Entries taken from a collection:

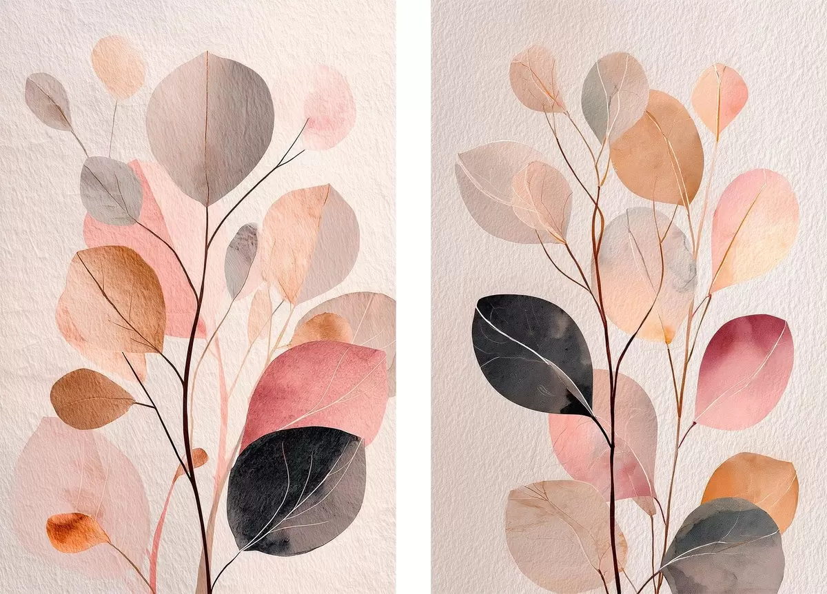 Glezna Abstrakta botāniska kompozīcija divās daļās mūsdienīgā glezniecības stilā Nr m30135
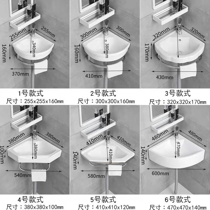 三角形の洗面器の壁の隅の支柱の洗面器の小戸型は壁式の大きいサイズの回転角の陶磁器の洗面器の威東を掛けます。
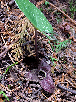 | スズカカンアオイ:ウマノスズクサ科-2 こちらは赤っぽい花(普通はこんな色が多い) どちらも地面の上に顔を出していた |
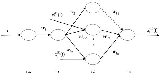 The time response equation of Equation (5) is embedded into the BP neural network with the structure shown in Figure 2, and can be written as:
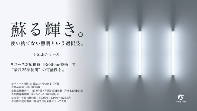 『「新しいあたりまえ」で、新しい世界を創るFORVAL』を理念に掲げ、ESG経営を可視化伴走型で支援する「企業ドクター(次世代経営コンサルタント)集団」の株式会社フォーバル(本社:東京都渋谷区、代表取締役社長:中島 將典、以下「フォーバル」)の連結子会社である株式会社アップルツリー(本社:東京都大田区、代表取締役社長:南谷 幸男、以下「アップルツリー」)は、直管LEDラインナップを一新し、12年間で磨き上げた技術を用いて開発されたフルモデルチェンジ製品『FSLEシリーズ』を2025年12月1日より販売開始いたします。
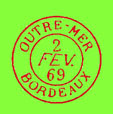 Les lettres ayant voyagé par bâtiments du commerce portent en général un cachet à date d'entrée rouge "OUTRE-MER" avec le nom du port de débarquement, comme le modèle ci-dessous :
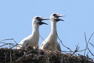 Die beiden Jungstörche in Nöthnitz sind die Nachzügler in unserer Region. Fotos: Olaf Becher
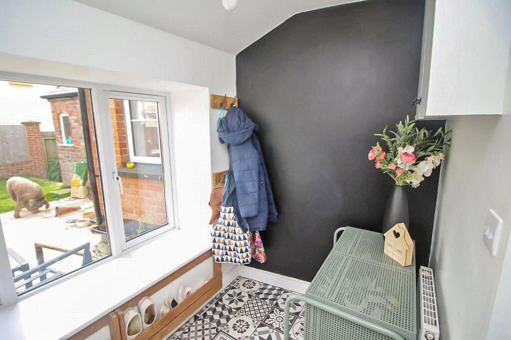 Plumbing and recess for washing machine, and tumble dryer. Door leading to enclosed rear garden. - OFFICE
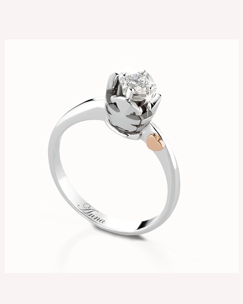 Collezione. Gli inseparabili.I Solitari Le Bebè. Modello cestino in oro bianco 18kt versione bimba. Cuoricino in oro rosa. Diamante Kt.0,10 colore G purezza VS. Misura disponibile n.15 Consegna entro 3gg Spedizione gratuita.Ultimo pezzo.Non più in produzione, prezzo bloccato
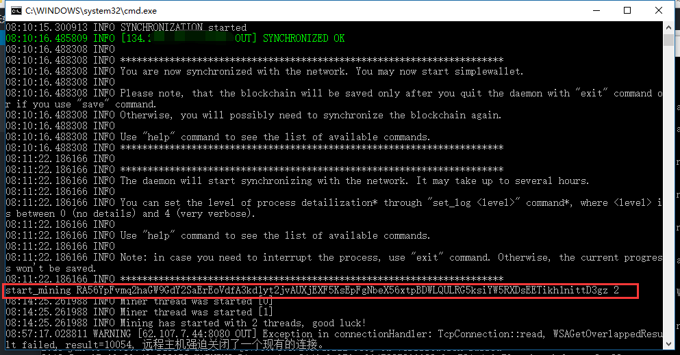 注:这个命令不是在钱包里执行的,需要到同步daemonWindows中操作。例如下图是我操作的
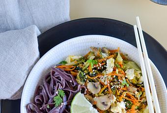 Wok de légumes et nouilles de riz noir à l'asiatique, sauce au sésame
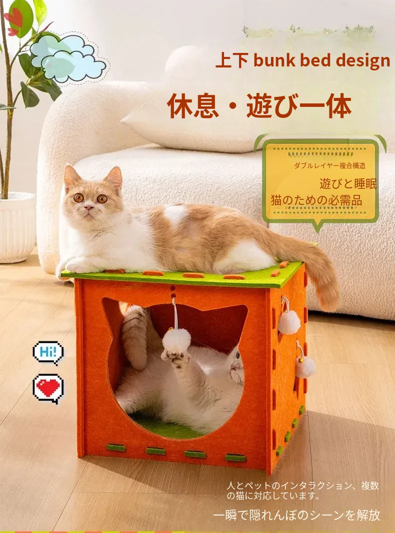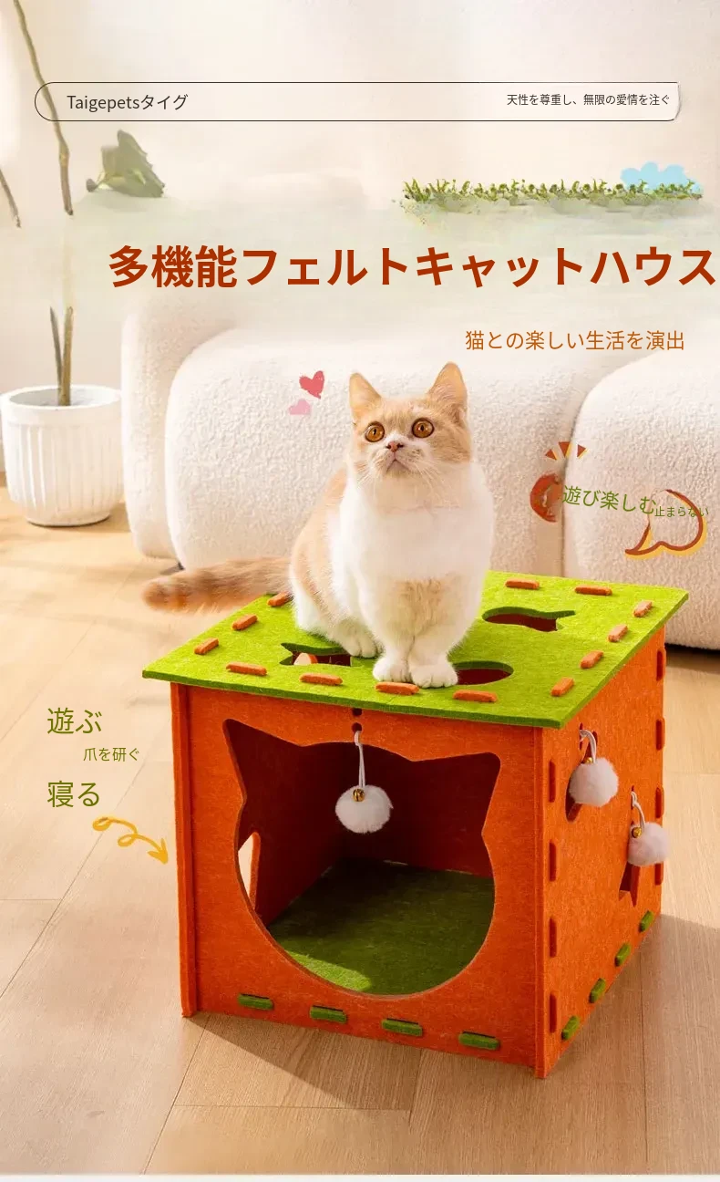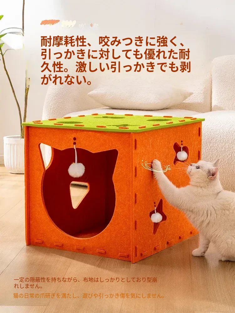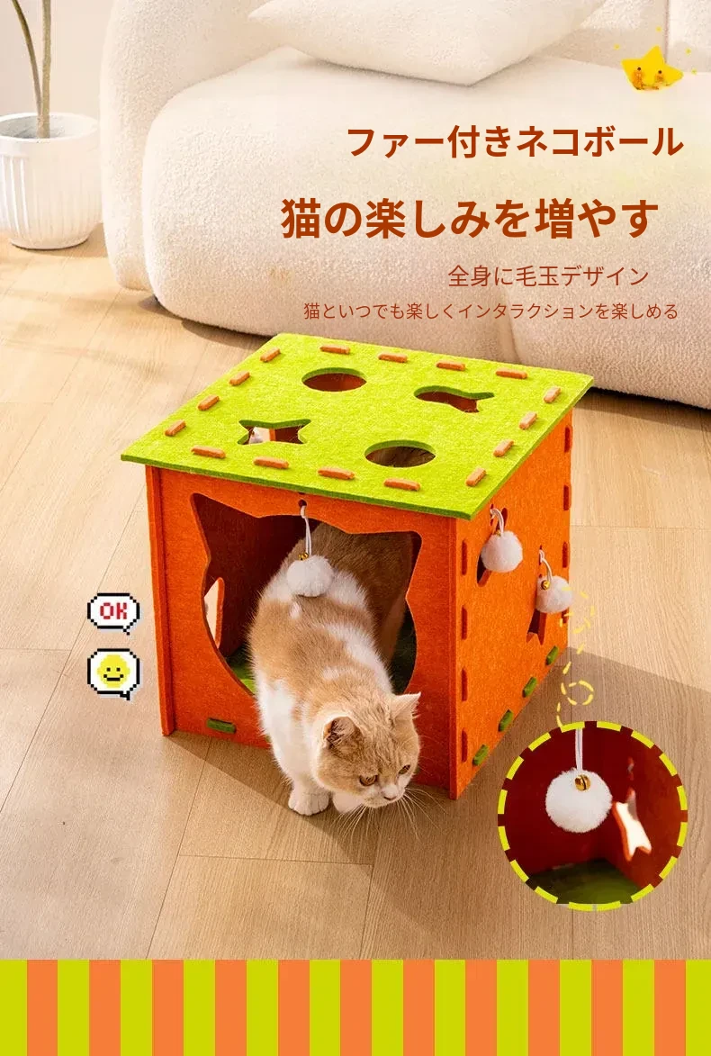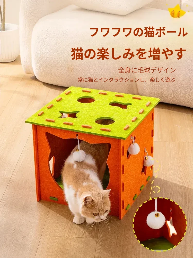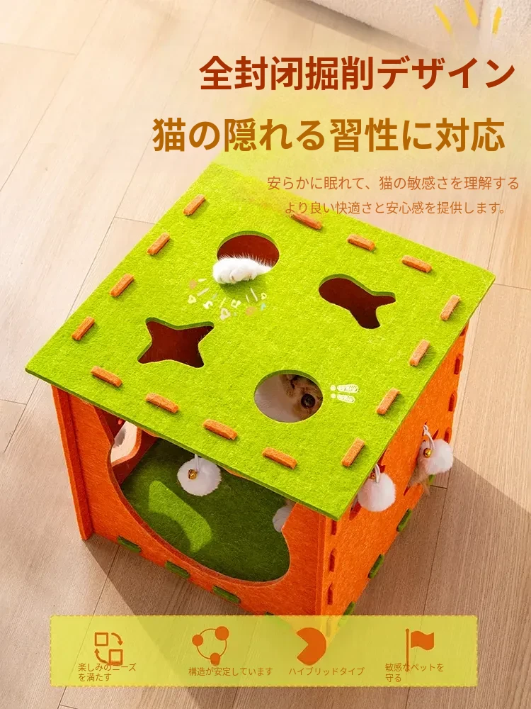 フェルトキャットハウス小【推奨15ポンド以内】【穴を掘って猫を遊ばせ、爪を研ぎ、寝るための5in1】

INSTRUCTIONS TO FOLLOW: Leave the pictures out. Extract exactly the lines running from the one with "注:这个命令不是在钱包里执行" through the last entry, both ends included.

ANSWER AREA:
 注:这个命令不是在钱包里执行的,需要到同步daemonWindows中操作。例如下图是我操作的
 Wok de légumes et nouilles de riz noir à l'asiatique, sauce au sésame
 フェルトキャットハウス小【推奨15ポンド以内】【穴を掘って猫を遊ばせ、爪を研ぎ、寝るための5in1】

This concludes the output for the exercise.